Using Maxwell’s Current Law (3), the chemiosmotic electrical process can now be viewed in the electro-osmotic approach as the flow of total (true) current across the electron transport complexes and lipid membrane. (These methods have also been used by [56] to analyze physical systems of the general Butler–Vollmer class.)
Perplexing issues of complexity in electron and proton flow [19,20,21,22] do not have to be explained by words alone in the electro-osmotic hypothesis, in contrast to the chemiosmotic hypothesis which is notable for its lack of specific quantitative predictions of flows or other nonequilibrium phenomena. In the electro-osmotic approach, flows can be estimated with the Maxwell current law (3) just as the perplexing issues of the mechanism of ion current flow through N a +   and K +   selective channels have been analyzed for many years [18]. Imagine how difficult it would be to understand the coupling of N a +   and K + currents [70] that produce the propagating action potential if one did not use current laws!

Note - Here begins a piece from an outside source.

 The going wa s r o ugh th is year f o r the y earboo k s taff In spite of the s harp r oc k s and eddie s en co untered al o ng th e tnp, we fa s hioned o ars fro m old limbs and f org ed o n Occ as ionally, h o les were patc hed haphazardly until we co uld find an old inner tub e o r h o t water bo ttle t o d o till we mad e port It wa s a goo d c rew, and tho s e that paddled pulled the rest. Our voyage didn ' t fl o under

Respiratory Complex Five and ATP production. The total current produced by Respiratory Complex 4 generates ATP in the synthase enzyme of Complex 5. It is the total current that generates the ATP, not just the proton flux. An explicit treatment of the coupling of Complex 4 and 5 is a goal as we extend the work of [57].

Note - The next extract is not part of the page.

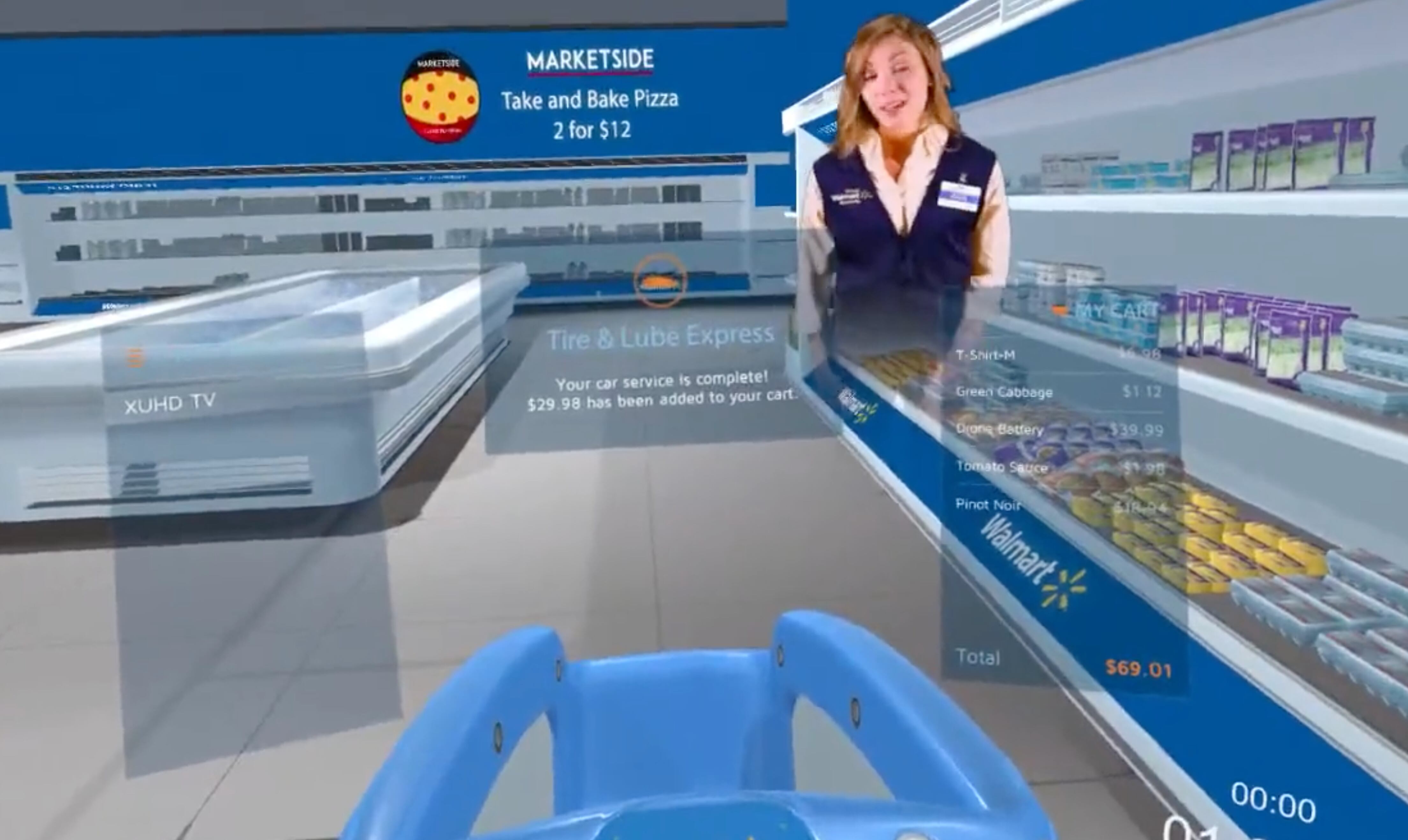 Un holograma llamado Módulo de Asistencia de Compra (SAM) asiste al comprador en el proceso. Al tener una lista de la compra en la que se registró la salsa de tomate, SAM teletransporta al usuario directamente a un pasillo virtual repleto de salsas de tomate. Elige un producto y la interfaz le muestra todos los detalles del producto.

Extended this way, the chemiosmotic hypothesis [19,20,21,22,23,24,25,26,27] fits into, and takes advantage of, the general treatment of electricity in the physical sciences [1,15,39,55] just as the qualitative understanding of the action potential [71,72] fits into the general treatment of electricity and takes advantage of the cable equation [16,17,70,104,105].
In the original chemiosmotic hypothesis [19,20,21,22,23,24,25,26,27], conduction currents did not fit so naturally. Flows of electrons and protons (and currents) were not identified as the currents of physics, as defined in the Maxwell equations of electrodynamics, e.g., Equation (2).

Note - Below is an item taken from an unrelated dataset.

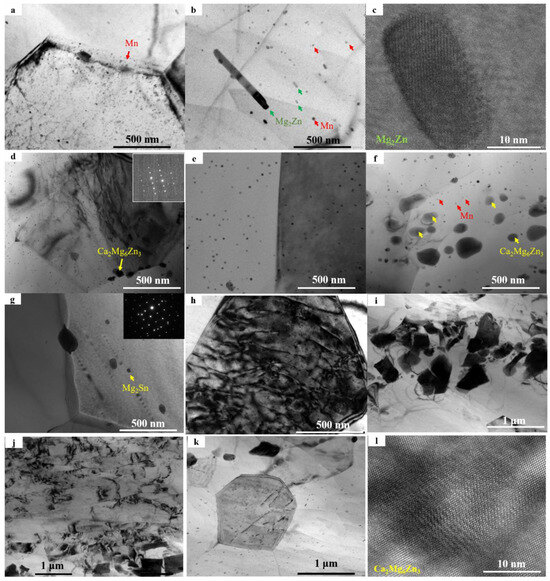 Low- and high-magnification TEM images of as-extruded alloys: (a–c) ZM31, (d–f) ZMXE3101, (g) ZT31, (h–l) ZTXE3101 alloys.

Flows (and thus currents) of electrons, protons, and ions were hard to specify in traditional models because they vary so much in composition and in space. Displacement currents did not appear at all, despite their universal existence, according to the Maxwell–Ampere equation. The word ‘current’ was not identified with the currents of classical electrodynamics in the original chemiosmotic hypothesis. A current law was not used to explicitly describe the flow of ions (or electrons or protons) unlike in the treatment of the action potential, developed at much the same time, where a current law was used from early on to describe the flow of ions and material displacement current across the cell membrane [16,17], although not from the beginning [71,72].
A current law is needed, in my view, that applies to the complexity of three-dimensional mitochondria where current carriers switch from electrons, to ions, to protons (or hydronium ions [21]). Analysis based on charges and the continuity Equation (5) is not practical because all the charges in a mitochondrion are involved and that is a very large number, more or less impossible to compute directly when interactions are included, which are required by Coulomb’s law.
Protonation. In the chemiosmotic hypothesis, the flows of protons are multifaceted, particularly hard to discern, and difficult to deal with because protons might protonate weak bases and interact with acids and bases throughout the mitochondria. The protons would then vary in concentration, changing the conduction current of Kirchhoff’s current law. Treatments of total current sidestep the issue of protonation because they deal with the entire true current at once without worrying about its components. The flows of electrons are also multifaceted and hard to deal with as they move through so many systems.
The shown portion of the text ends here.